Het heeft die nacht aardig geregend. Je kon het kletteren op de daken. De kamer is eenvoudig ingericht.
Er is ruim voldoende keuze voor het ontbijt. Alleen met de eieren wil het niet zo.
Ze zijn, nadat zegekookt zijn, nog zacht. Volgens ingewijden ligt het aan de hoogte waar we zitten.
Na te hebben ontbeten en uitgecheckt, gaan we richting Lake St. Clair. Niet ver van het hotel in daar het Visitor Centre van Lake St. Clair. Een stukje langs het meer gewandeld. Op een bordje wordt je gewaarschuwd voor slangen. Alleen ze hebben zich niet laten zien.
Lake St.
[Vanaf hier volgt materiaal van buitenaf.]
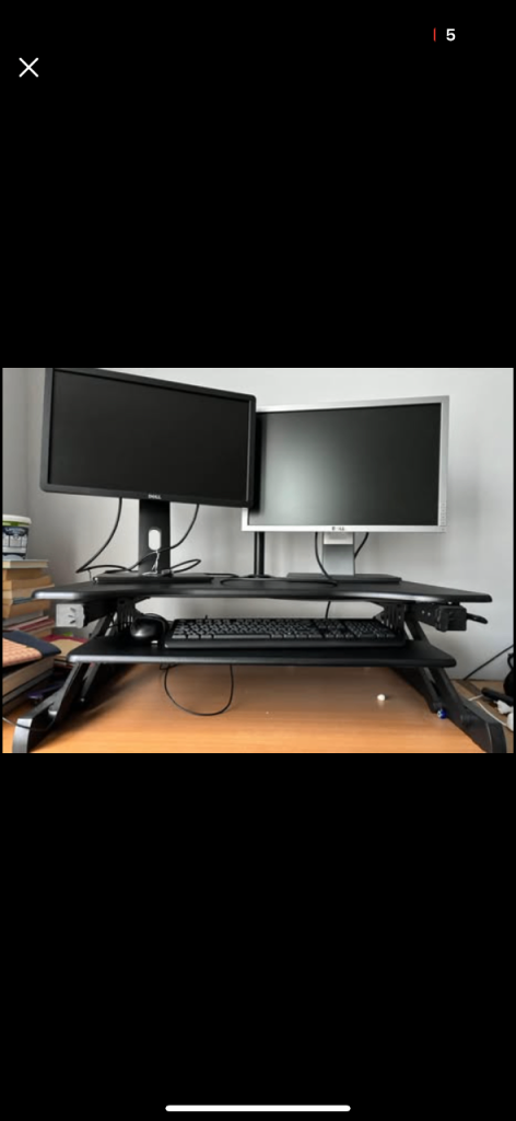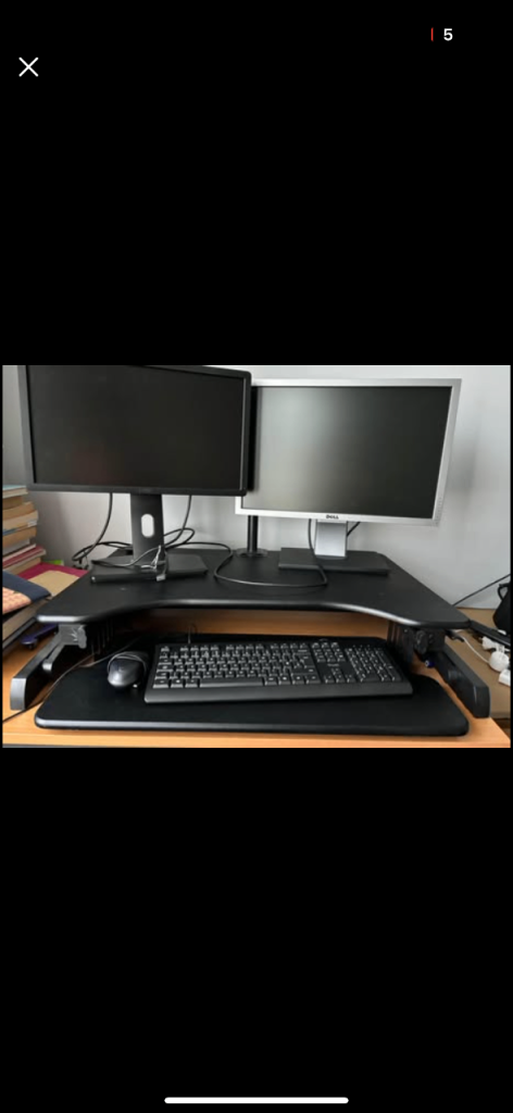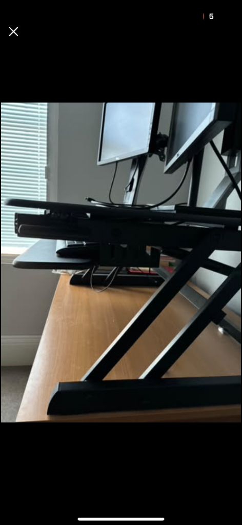 Ergoneer sit-stand desk riser in excellent / mint condition. Perfect for turning a normal desk into a standing workstation. • Large top surface – fits dual monitors • Smooth height adjustment • Keyboard tray included • Strong and stable design • Great for improving posture while working Very lightly used and works perfectly. Desk riser only – monitors, keyboard and other accessories not included. Selling because no longer needed. From a smoke-free home. Open to reasonable offers Collection preferred.

Clair is het diepste verswater meer van Australië. 167 meter diep en het is zo'n 10.000 jaar geleden gevormd door de gletsjers uit de ijstijd.
In het bezoekers centrum is een expositie ingericht over de natuur en het wild dat daarin voorkomt.
Er leven veel verwilderde katten in het bos en zijn niet voor de poes. Deze zijn meestal als jonge kat achtergelaten door de mensen. Wat nu wordt toegepast is het laten steriliseren van de katten en voorzien van een chip. Hierdoor wordt, als men toch een kat in het wild los laat, op de eerste plaats niet meer jonge katjes geboren en op de tweede plaats kan men de eigenaar traceren.
Een inheemse rat.
De Tasmaanse Devil. Deze leven nog wel in het wild, maar zijn moeilijk te vinden.
In de dierentuin van Launceston worden ze ook gehouden en voor het publiek te zien.
Het probleem met de Tasmanian Devil is dat zij een ziekte oplopen, welke besmettelijk is voor de andere Devils.
Een vogelbekdier.
Een egel, in Tasmanië worden deze Edgina genoemd.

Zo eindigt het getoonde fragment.